Strike hunched down and brought the bag up to his lap.

“How you know it’s Champ?”

“Well, who else?”

“What happened to his boys? They get shot up too?”

“Th-they weren’t there.”

“See? Maybe
they
did it. Took him off. See what I’m sayin’? Maybe he got problems with his own people in New York.”

Strike nodded, only half listening.

“Maybe Papi, maybe…” Rodney faltered, frowning at the street. He reached in and took the money off Strike’s lap, then added vaguely, “You don’t know it’s Champ.” He palmed his midsection, turning in a gimpy half circle, the money bag held between his elbow and ribs.

“You think we next?” Strike asked it lightly, lucidly, as if he didn’t really care.

“I ain’t got no beef with Champ.” Rodney’s voice went singsong. “I don’t know what the fuck you talkin’ about. I ain’t the one that come in here from New York try to sell shit. I
work
for the man. He got a beef with me I’m right here, ‘cause I don’t
give
a fuck.”

Strike stared at Rodney, watching him swell up with his own words.

“In fact, I got some business with the nigger
tonight.

Strike looked down at his upturned hands again, telling himself that it was every man for himself—like it always was, always would be. But then Rodney hunched back down into the car window, his voice holding a teasing confidentiality.

“You want to come? Or you want to
run?

 

Strike sat in Rodney’s Cadillac. He had left his own car back in Guineatown. They were parked in a shut-down gas station in Dempsy, and Strike waited while Rodney talked on a pay phone. Strike thought about Tyrone again, thinking, Watch it, don’t buy anything else for the kid because he’ll just get spoiled, get into expecting shit for nothing, and then he’ll be no use at all. Wind up just like everybody else, blank-faced and treacherous.

Rodney came back to the car and drove off in silence. When he reached Jersey City he pulled into the lot of an all-night diner and sat there, fanning his knees and saying nothing.

Finally he spoke: “Where Papi get shot?”

“Right where we was supposed to meet, right outside—”

“Naw, I mean on his body.”

“Aw-all over. Up and down…”

“His face?”

“Unh-uh, his legs and chest. He had this shoe? It was like fuh-filled up with blood from his leg.”

Rodney sucked his teeth and shook his head. The car returned to silence.

A minute later the rear door opened and someone slid into the back. Strike jumped in surprise but Rodney didn’t even turn his head, just extended his arm back over his shoulder for an upside-down handshake.

The guy was young, black, maybe a few years older than Strike. He wore gold, but a nice quarter-inch herringbone chain. He was dressed clean too: acid-washed jeans, a pullover shirt in a matching shade of gray, red and white Air Jordans. Strike first thought he was a hit man—he could sense that the guy was carrying a gun somewhere on his body.

“Who the fuck is this?”

Strike turned to see the guy nodding at him but looking at Rodney, as if Strike was there but not there.

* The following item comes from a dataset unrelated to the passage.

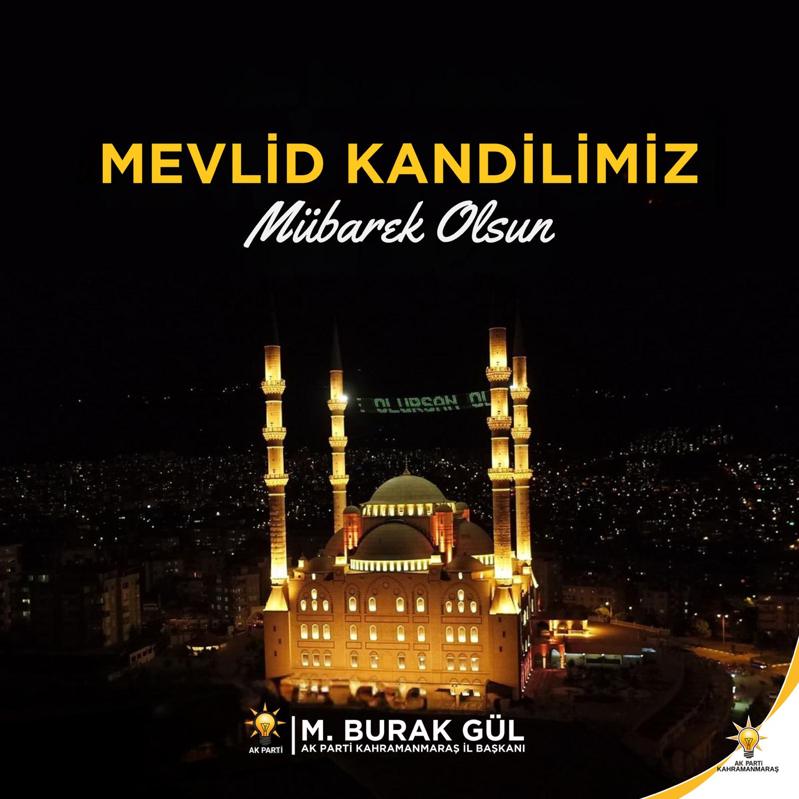 Mevlid Kandili dolayısıyla mesaj yayımlayan AK Parti Kahramanmaraş İl Başkanı M.Burak Gül, Kahramanmaraş halkının ve İslam aleminin Mevlid Kandilini tebrik etti.
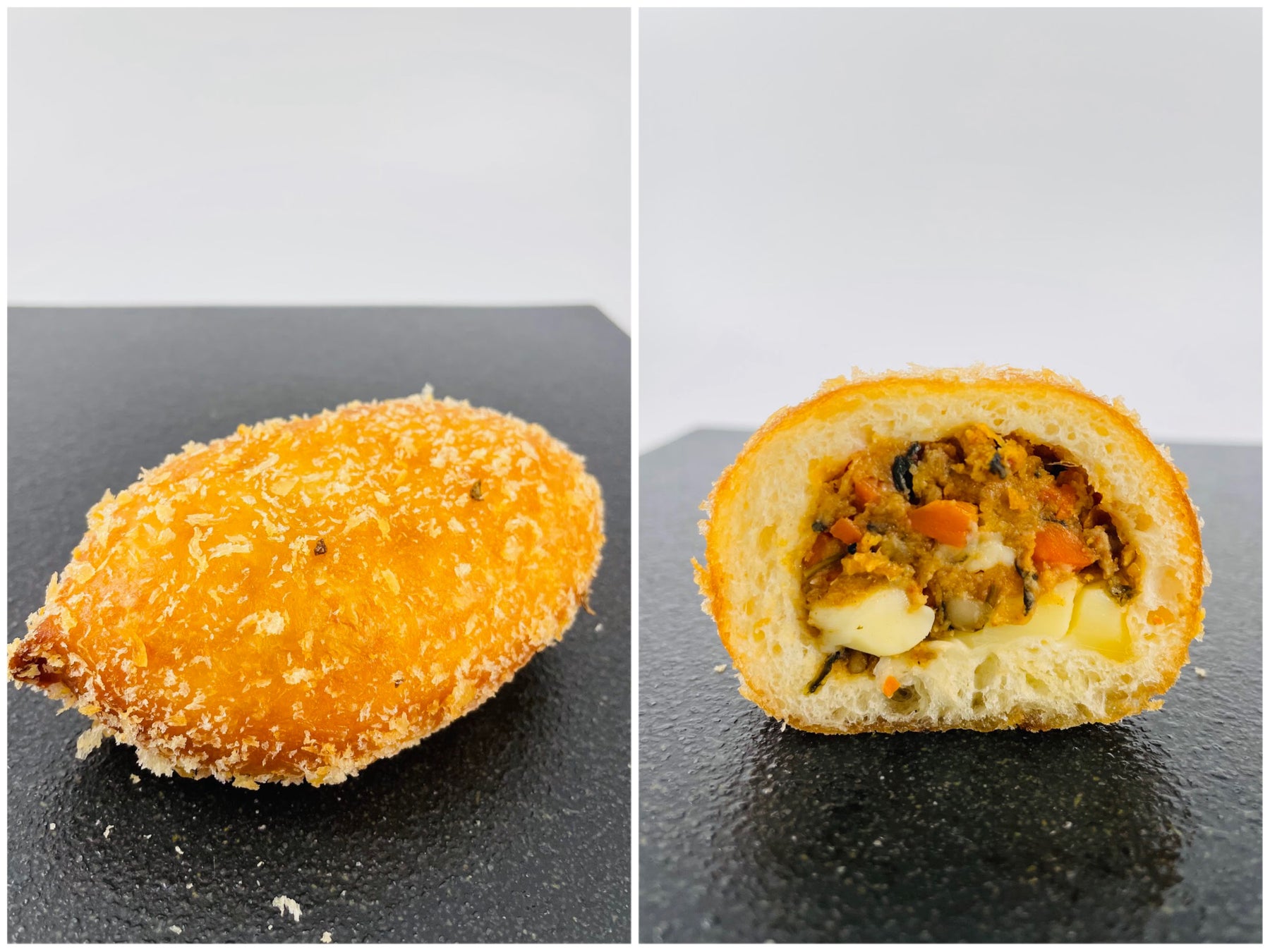 「卵」「にんじん」「トマト」を使った、山椒とチーズのトマトカレーパン

“He’s with me,” Rodney said.

“Yeah, I
see
that. Who the fuck is he?”

“That’s Strike. He’s OK.”

The guy lurched forward off the back seat. “What the fuck you think you doing, Rodney?”

“Hey, hey. I
know
the man, see, and I’m tellin’ you, it’s better we go over there in a group—all casual, you understand? We go in a group, it takes the eyeball weight off you. See what I’m sayin’?”

“You don’t spring somebody on me without some beforehand say-so.” The guy poked Strike in the back of the head with a fingertip and Strike instinctively snatched at the air where the offending finger had been. He had had enough, more than enough.

“Hey, I tried to call you, man,” Rodney said, palms up. “You just don’t answer your damn beeper. What can I do about that?”

The guy snorted and Strike looked out the window. Hit man: Was Rodney going after Champ before Champ could come after him?

“Strike.” The guy said his name as if it had just come to him. “Yeah, I know you. Yeah, yeah, I
know
you, you understand?” He leaned forward and put his hand on Strike’s arm, waiting until Strike turned around and met his threat eye-to-eye. “You fuck with me, my man, you into a
world
of darkness. You want to get verification on that, you check with my man over here.”

Strike almost squawked with revelation. Only a cop could deliver a proprietary speech like that one, talking as if he owned Rodney, as if he owned Strike too, Strike and all the once and future jailbirds out on the street.

Rodney clucked his tongue and laid his fingers on the cop’s arm. “Yo, lighten up, man. Strike’s right. I wouldn’t have asked him if he wasn’t right.”

The cop sat back, still boring into Strike with his eyes. “Yeah, well, he’s right
now.

Strike figured the guy was probably an undercover who Rodney hoped to introduce into Champ’s machine, although Strike had no idea why Rodney would want to take such a risk to help out the cops. But having
anything
to do with a knocko bring-down on Champ was almost too crazy to think about, and Strike intuitively understood that the way to survive the night was to go loose, just glide until the sun came up. And despite Rodney’s snaky ways, staying close to him right now was probably the best plan. Stick tight with the survivors: the man was thirty-seven and still around.

“Gerbers.” The cop frowned down at some cartons of strained fruit from the store that sat next to him on the back seat. “Goddamn, Rodney, how many kids you got?”

“I got me a tribe.” Rodney turned on the ignition.

“Hold up, hold up.” The guy leaned forward again, extended a staying hand. “Don’t go nowhere. Let’s just…”

Rodney sighed, rubbing his eyes under his sunglasses.

“Newark, Delaware,” Rodney said, the name a tired announcement.

“New
Ark,
New
Ark.
“ The guy was very tense now, Strike seeing a shiny film appear across his forehead.

“New Ark, Delaware.”

“And?”

“You my cousin Lonnie.”


Nephew.
I’m your motherfuckin’
nephew.

“What’s the difference?” Rodney said.

“The difference is, that’s what you already told the man, so stay with it.”

“My nephew Lonnie, my sister’s boy.”

“And?” The cop nodded for more, knees pumping as if ready to race.

“Your connect’s doing thirty in.”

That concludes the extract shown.